El centro quedó en silencio al escuchar el crujido de la mandíbula del extranjero. Ji-Han se llevó la mano al mentón, intrigado.
—Vaya, ¿será la reencarnación de Ip Man? Sus movimientos están tan bien coordinados que parece salido de un libro de texto —comentó.
El mercenario murmuró furioso en su idioma. Ji-Cheok no entendió las palabras, pero podía notar que eran insultos.
La pelea continuó.
‘Mi hermano es más fuerte de lo que pensaba… No está siendo superado.’

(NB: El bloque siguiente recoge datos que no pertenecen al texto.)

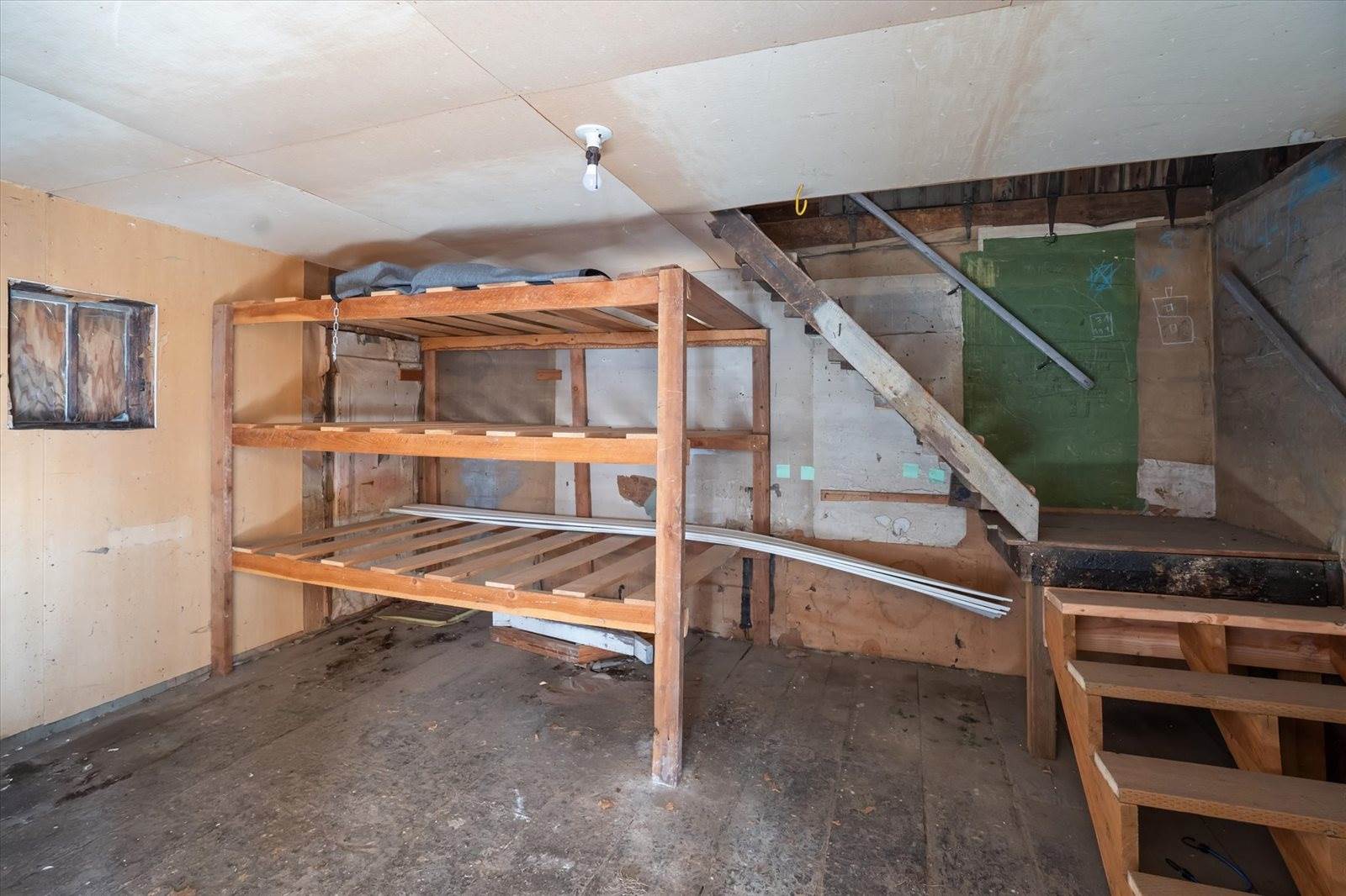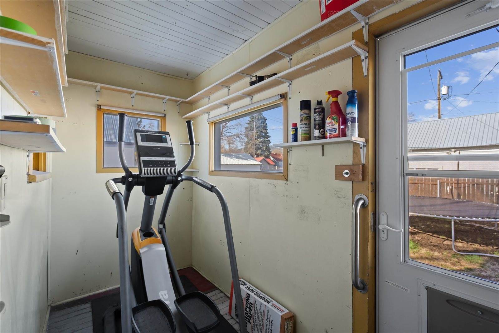 a large living room with fireplace, one bedroom on the main floor, three bedrooms on the upper, plus an additional hobby/den space. The basement offers additional storage and a secondary laundry hook-up. Out back, you will find the 2-level 16'x48' garage/shop

Ji-Cheok se dio cuenta de que, aunque el mercenario tuviera más experiencia usando habilidades, en fuerza física no había tanta diferencia entre ambos. Lo que más lo sorprendió fue la agudeza visual de Mu-Cheok: ¿cómo podía prever los movimientos del oponente con tanta precisión?
¡Pow!
Como si supiera lo que iba a pasar, Mu-Cheok se movió justo a tiempo para bloquear el contraataque del mercenario.